As of early 2026, most NC lenders require 20–25% of the total project cost (land + construction) as a down payment. Some lenders accept 10–15% with higher interest rates or PMI. If you already own the land, its appraised value typically counts toward the down payment requirement. For example, on an $800,000 total project with 20% down ($160,000), owning a $120,000 lot free and clear may reduce the additional cash needed to $40,000.
Can I get a construction loan if I already own the land?
Yes. Owning land outright strengthens a construction loan application because the land equity counts toward the down payment. If the land is appraised at or above the value needed to satisfy the down payment requirement, the borrower may need little or no additional cash at closing beyond closing costs. Confirm with your lender how land equity is credited.
What credit score do I need for a construction loan in North Carolina?
Most NC construction lenders require a minimum credit score of 680–720, which is higher than the 620 minimum common for conventional mortgages. Stronger credit scores (740+) may qualify for better interest rates and more favorable terms. Construction lending is considered higher risk by lenders, which drives the stricter qualification standards.
What is a construction-to-permanent loan?
A construction-to-permanent (CTP) loan is a single financing product that covers both the construction period and the permanent mortgage. It involves one closing, one set of closing costs, and one application process. During construction, the borrower makes interest-only payments on disbursed funds. After construction is complete and the Certificate of Occupancy is issued, the loan converts to a standard mortgage with principal-and-interest payments. CTP is the most common construction loan type for custom homes in the Triangle.
How long does it take to get a construction loan approved?
From complete application (including finalized plans, builder contract, cost breakdown, and all borrower documentation) to closing, the process typically takes 30–60 days. Pre-qualification — establishing borrowing capacity before plans are finalized — can happen in 1–2 weeks. The longest variable is usually the appraisal, which requires completed architectural plans and may take 2–4 weeks to schedule and complete.
Can I act as my own general contractor and get a construction loan?
Owner-builder loans exist but are difficult to obtain in North Carolina. Most NC lenders require a licensed general contractor (NC General Contractors license) on the project. Owner-builder applicants face higher down payment requirements (25–30%+), more rigorous documentation of construction experience, and additional lender scrutiny of the project plan and budget. For most Triangle buyers, working with a licensed builder provides both quality assurance and significantly easier access to construction financing.
Frequently Asked Questions
How much down payment do I need for a construction loan in NC?
Typically 20-25% of total project cost (land + construction). Some lenders accept less with higher rates. Land equity may count toward the down payment if the buyer already owns the lot free and clear.
Can I get a construction loan if I already own the land?
Yes. Owning the land outright strengthens your application. Land equity typically counts toward the down payment requirement, reducing the cash needed at closing.
What credit score do I need for a construction loan in North Carolina?
Most lenders require 680-720+, which is higher than conventional mortgage minimums.

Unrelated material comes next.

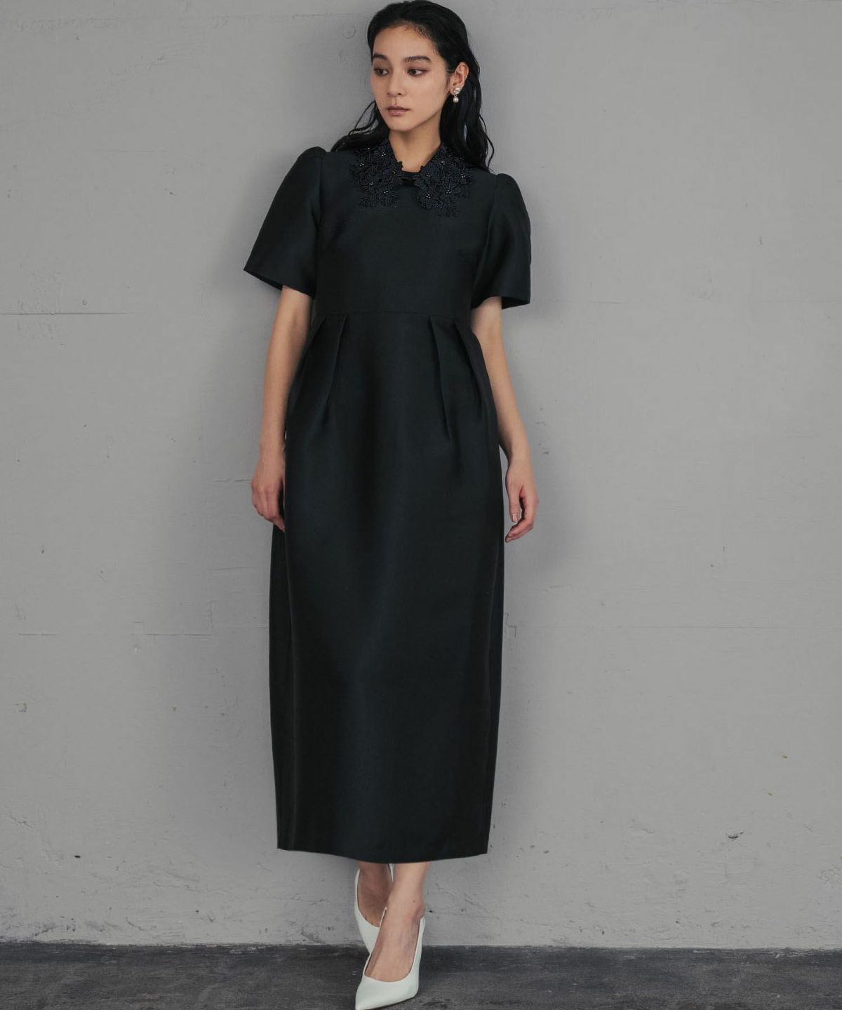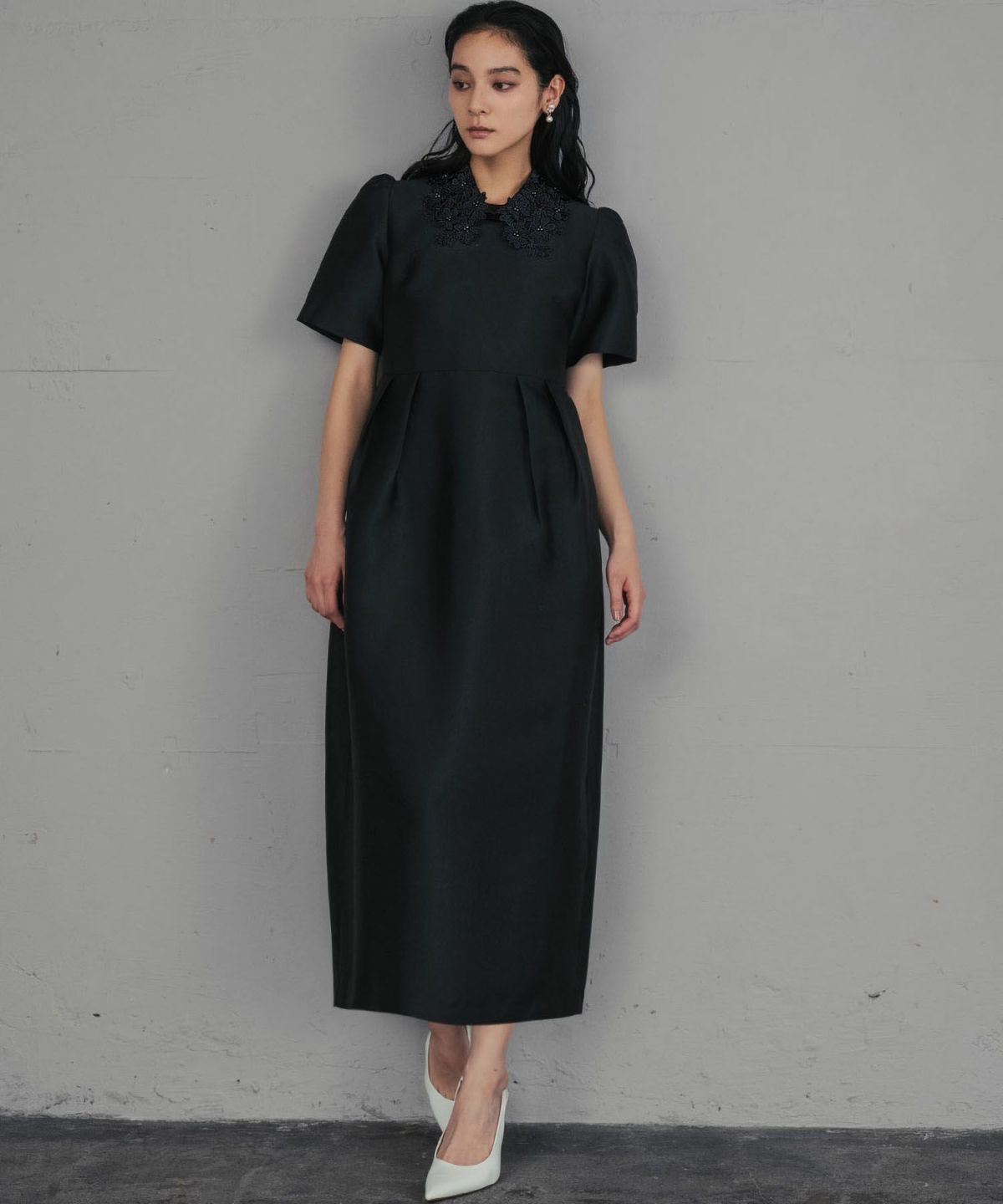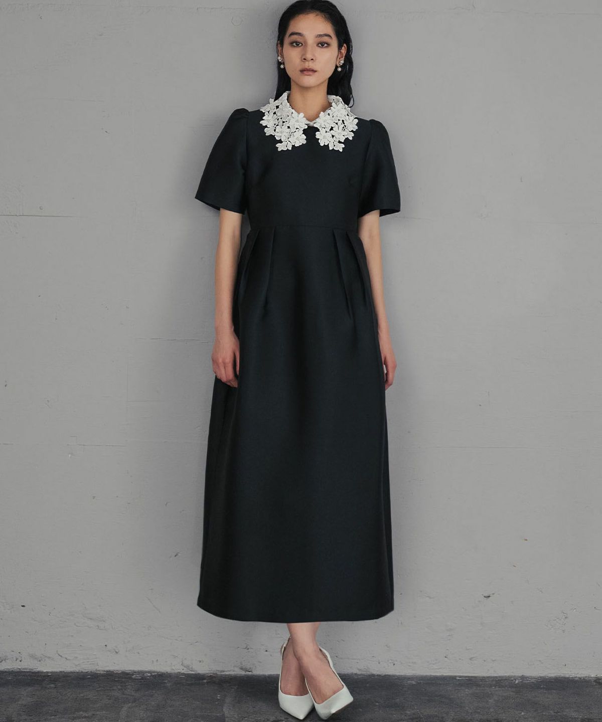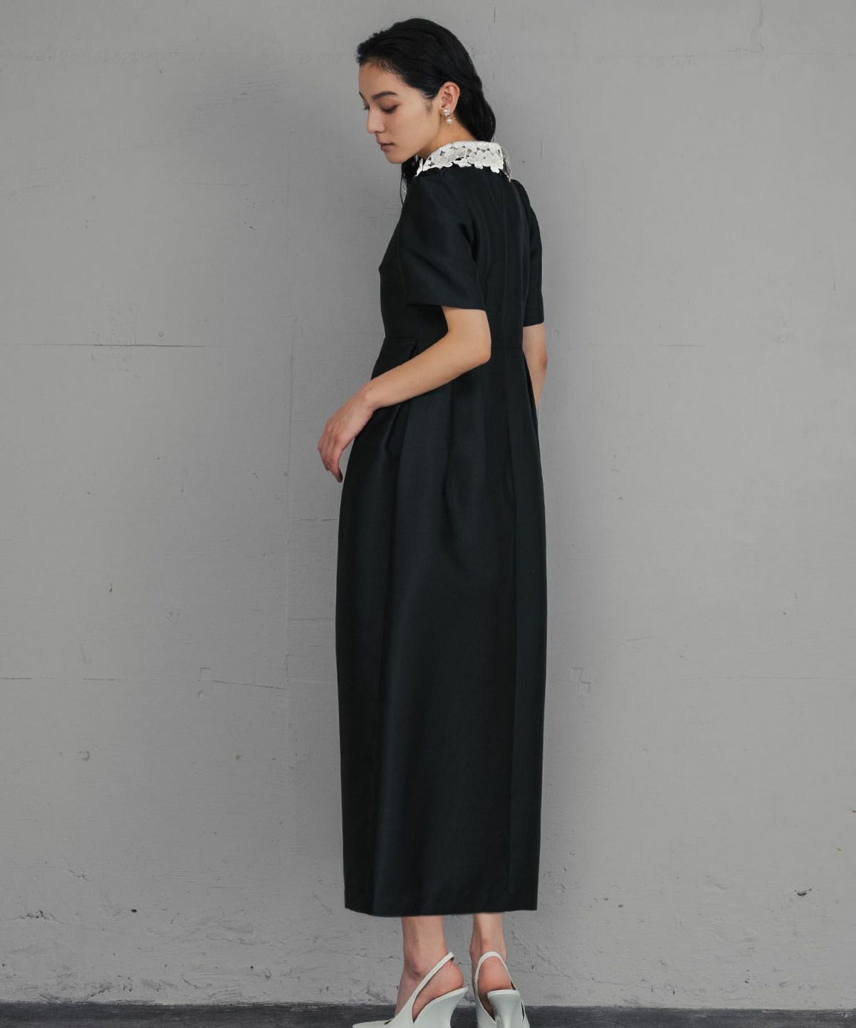 上品な雰囲気を演出する、レースカラーコクーンドレスになります。

Stronger credit scores may qualify for better rates and more favorable terms.
What is a construction-to-permanent loan?
A single loan that funds construction and then converts to a permanent mortgage upon completion. One closing, one set of closing costs. It is the most common construction loan type for custom homes in the Triangle.
How long does it take to get a construction loan approved?
Typically 30-60 days from complete application to closing, assuming plans, specs, builder contract, and appraisal are in order. Pre-qualification can happen faster.
Can I act as my own general contractor and get a construction loan?
Owner-builder loans exist but are difficult to obtain. Most NC lenders require a licensed general contractor. Expect higher down payment requirements (25-30%+) and additional scrutiny of the buyer's construction experience.